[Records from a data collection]
---

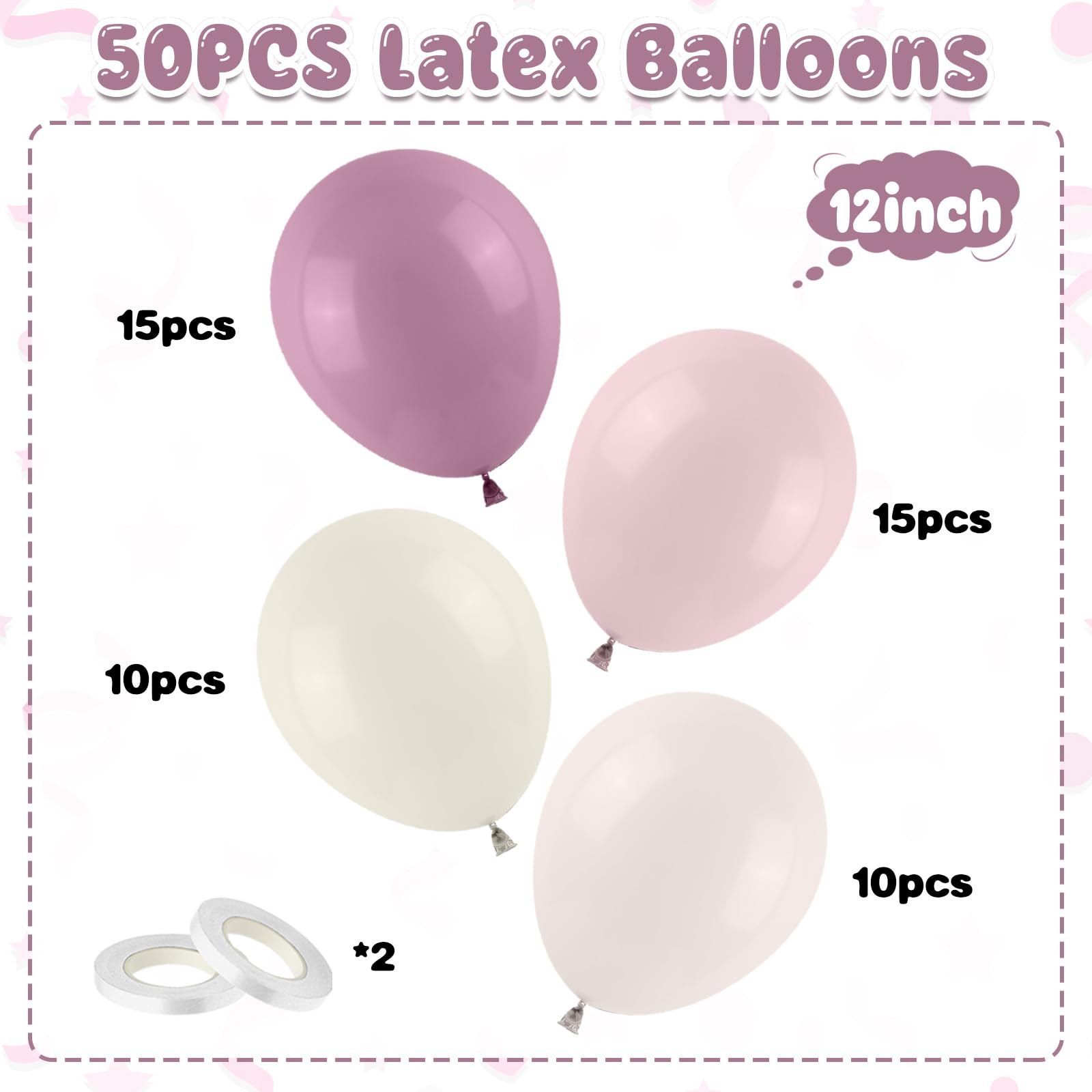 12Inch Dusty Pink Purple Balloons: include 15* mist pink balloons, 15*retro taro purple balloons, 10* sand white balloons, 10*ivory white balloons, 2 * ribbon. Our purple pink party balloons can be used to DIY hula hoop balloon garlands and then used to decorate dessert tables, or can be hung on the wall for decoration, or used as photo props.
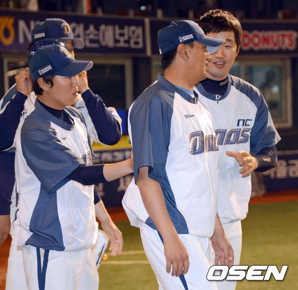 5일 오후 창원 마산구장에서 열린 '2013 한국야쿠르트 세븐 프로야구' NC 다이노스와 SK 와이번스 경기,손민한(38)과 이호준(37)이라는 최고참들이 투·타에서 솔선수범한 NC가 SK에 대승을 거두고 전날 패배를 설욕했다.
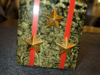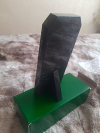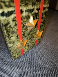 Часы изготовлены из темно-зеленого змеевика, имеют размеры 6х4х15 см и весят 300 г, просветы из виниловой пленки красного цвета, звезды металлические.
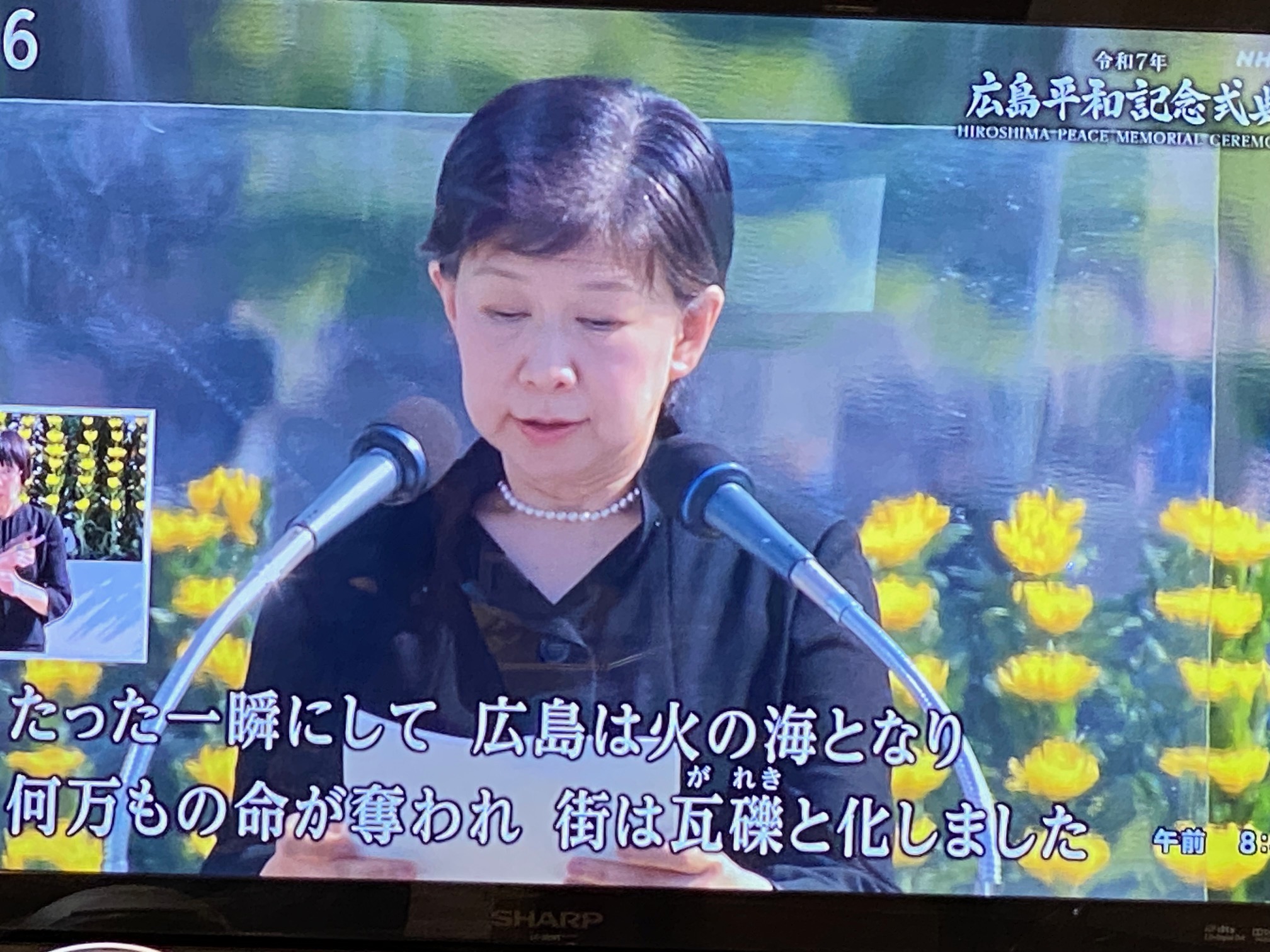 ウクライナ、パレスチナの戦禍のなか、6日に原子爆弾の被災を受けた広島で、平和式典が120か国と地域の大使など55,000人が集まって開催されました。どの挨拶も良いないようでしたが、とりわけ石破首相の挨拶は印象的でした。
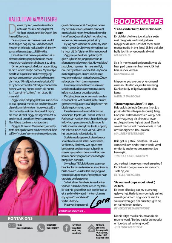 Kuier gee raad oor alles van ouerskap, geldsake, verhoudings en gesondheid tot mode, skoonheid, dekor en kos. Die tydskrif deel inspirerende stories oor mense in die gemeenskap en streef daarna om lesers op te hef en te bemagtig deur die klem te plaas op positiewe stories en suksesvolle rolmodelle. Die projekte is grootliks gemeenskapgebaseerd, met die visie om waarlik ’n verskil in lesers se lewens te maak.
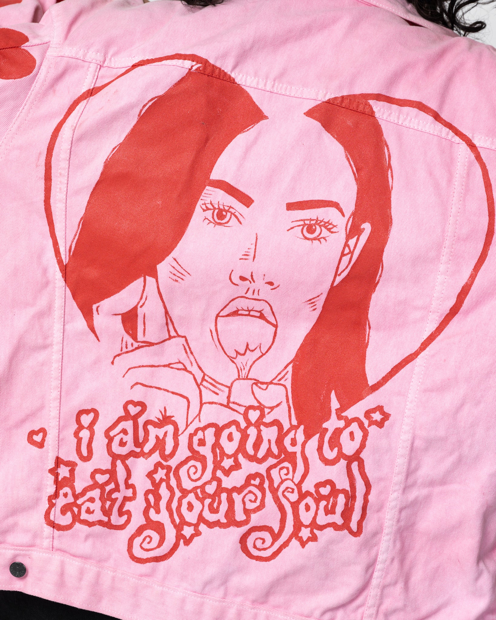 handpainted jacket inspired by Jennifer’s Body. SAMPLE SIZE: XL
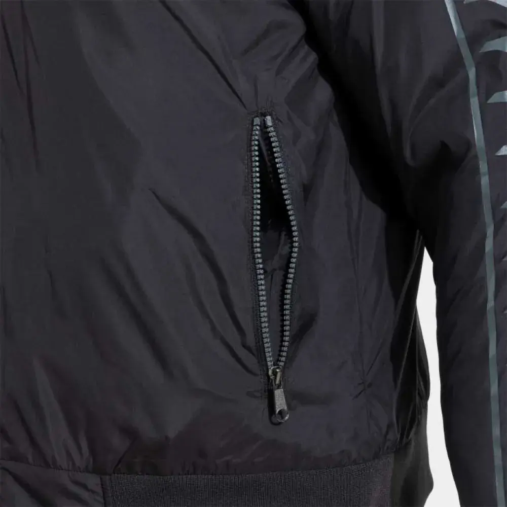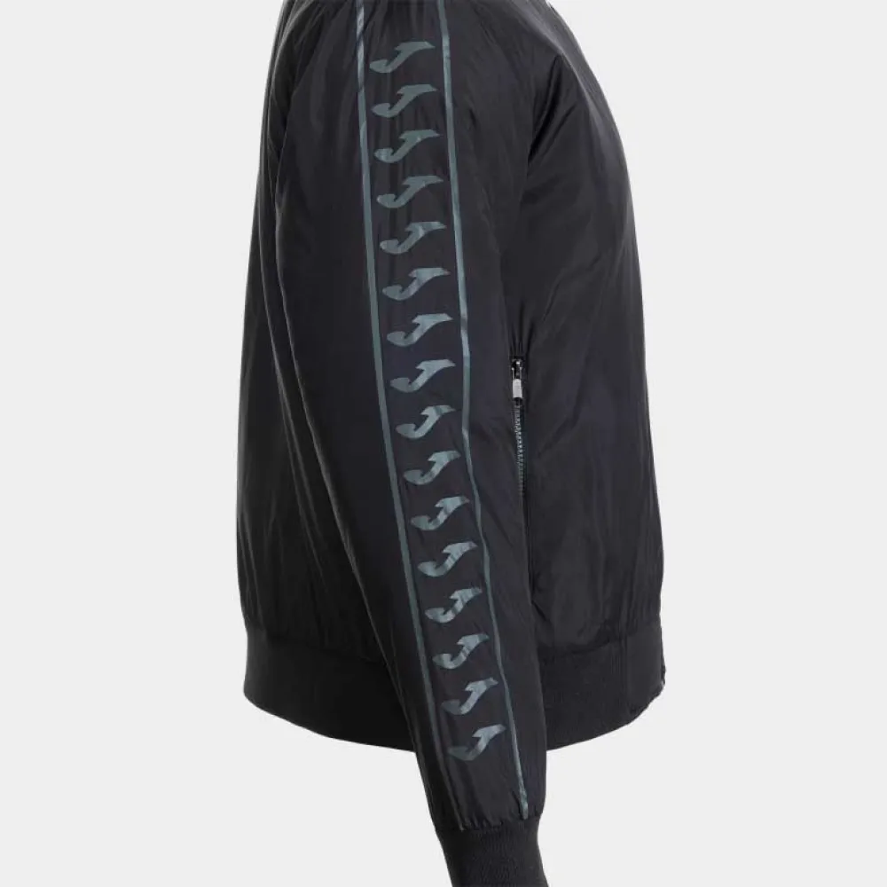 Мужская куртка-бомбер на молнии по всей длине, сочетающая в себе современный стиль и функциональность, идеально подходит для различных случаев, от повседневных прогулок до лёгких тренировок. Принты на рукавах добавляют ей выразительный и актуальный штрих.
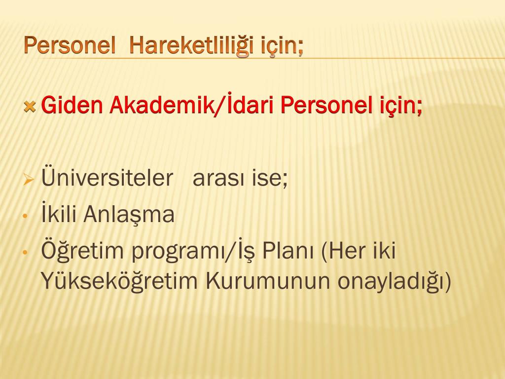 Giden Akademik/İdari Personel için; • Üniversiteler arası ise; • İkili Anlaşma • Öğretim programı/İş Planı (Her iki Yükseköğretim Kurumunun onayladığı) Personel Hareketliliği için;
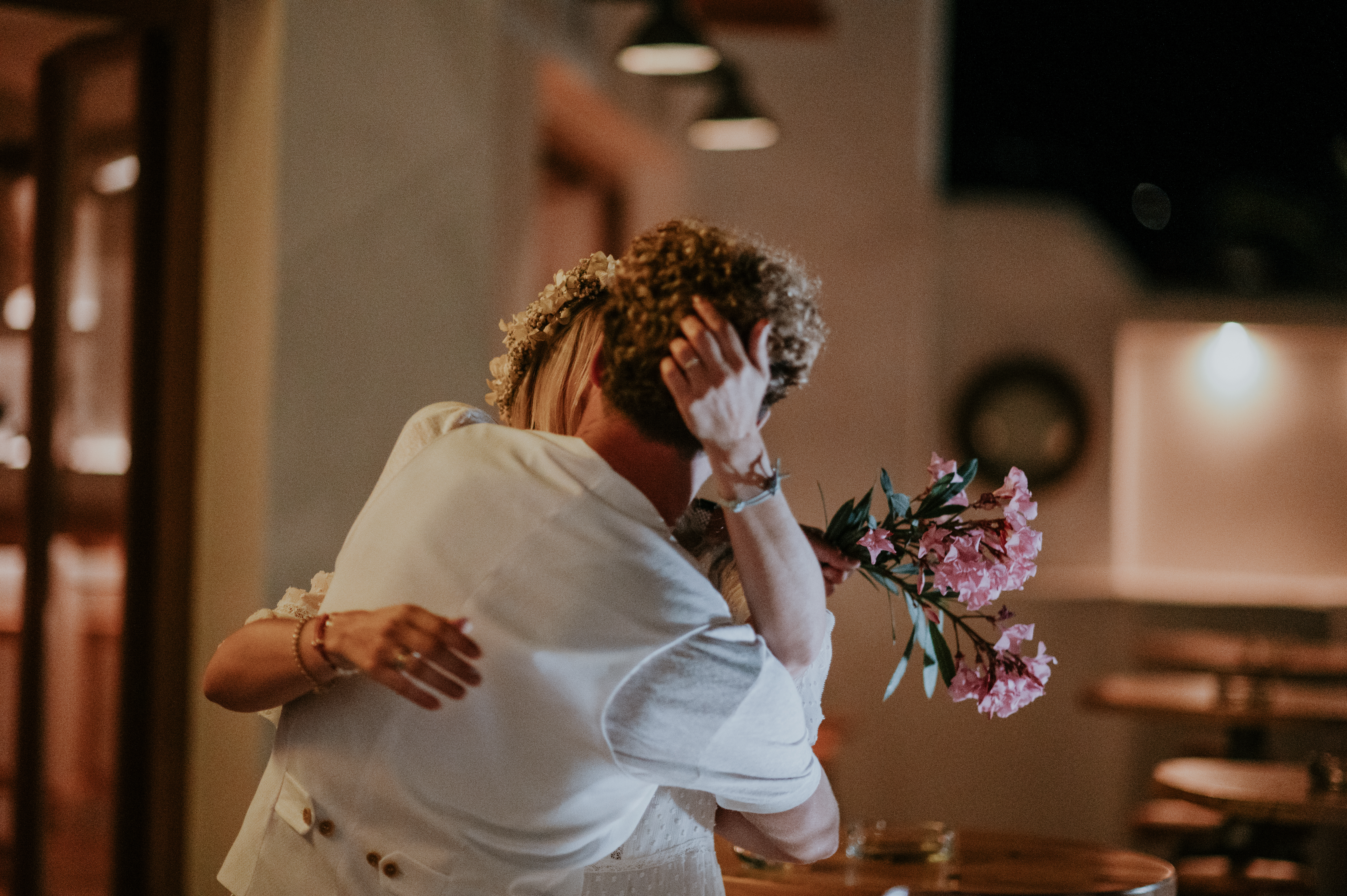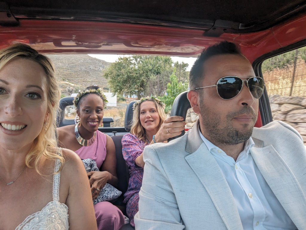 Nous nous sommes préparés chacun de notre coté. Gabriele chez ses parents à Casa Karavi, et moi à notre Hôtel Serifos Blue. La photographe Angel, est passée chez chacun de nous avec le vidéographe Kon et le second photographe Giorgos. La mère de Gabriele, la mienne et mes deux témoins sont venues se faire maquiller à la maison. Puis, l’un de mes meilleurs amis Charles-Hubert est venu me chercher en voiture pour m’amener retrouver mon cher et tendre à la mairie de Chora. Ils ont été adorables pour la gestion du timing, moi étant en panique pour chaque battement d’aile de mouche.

---

TASK GOAL:
With the images left out, output all the entries above exactly.

SOLUTION TO THIS TASK:
 12Inch Dusty Pink Purple Balloons: include 15* mist pink balloons, 15*retro taro purple balloons, 10* sand white balloons, 10*ivory white balloons, 2 * ribbon. Our purple pink party balloons can be used to DIY hula hoop balloon garlands and then used to decorate dessert tables, or can be hung on the wall for decoration, or used as photo props.
 5일 오후 창원 마산구장에서 열린 '2013 한국야쿠르트 세븐 프로야구' NC 다이노스와 SK 와이번스 경기,손민한(38)과 이호준(37)이라는 최고참들이 투·타에서 솔선수범한 NC가 SK에 대승을 거두고 전날 패배를 설욕했다.
 Часы изготовлены из темно-зеленого змеевика, имеют размеры 6х4х15 см и весят 300 г, просветы из виниловой пленки красного цвета, звезды металлические.
 ウクライナ、パレスチナの戦禍のなか、6日に原子爆弾の被災を受けた広島で、平和式典が120か国と地域の大使など55,000人が集まって開催されました。どの挨拶も良いないようでしたが、とりわけ石破首相の挨拶は印象的でした。
 Kuier gee raad oor alles van ouerskap, geldsake, verhoudings en gesondheid tot mode, skoonheid, dekor en kos. Die tydskrif deel inspirerende stories oor mense in die gemeenskap en streef daarna om lesers op te hef en te bemagtig deur die klem te plaas op positiewe stories en suksesvolle rolmodelle. Die projekte is grootliks gemeenskapgebaseerd, met die visie om waarlik ’n verskil in lesers se lewens te maak.
 handpainted jacket inspired by Jennifer’s Body. SAMPLE SIZE: XL
 Мужская куртка-бомбер на молнии по всей длине, сочетающая в себе современный стиль и функциональность, идеально подходит для различных случаев, от повседневных прогулок до лёгких тренировок. Принты на рукавах добавляют ей выразительный и актуальный штрих.
 Giden Akademik/İdari Personel için; • Üniversiteler arası ise; • İkili Anlaşma • Öğretim programı/İş Planı (Her iki Yükseköğretim Kurumunun onayladığı) Personel Hareketliliği için;
 Nous nous sommes préparés chacun de notre coté. Gabriele chez ses parents à Casa Karavi, et moi à notre Hôtel Serifos Blue. La photographe Angel, est passée chez chacun de nous avec le vidéographe Kon et le second photographe Giorgos. La mère de Gabriele, la mienne et mes deux témoins sont venues se faire maquiller à la maison. Puis, l’un de mes meilleurs amis Charles-Hubert est venu me chercher en voiture pour m’amener retrouver mon cher et tendre à la mairie de Chora. Ils ont été adorables pour la gestion du timing, moi étant en panique pour chaque battement d’aile de mouche.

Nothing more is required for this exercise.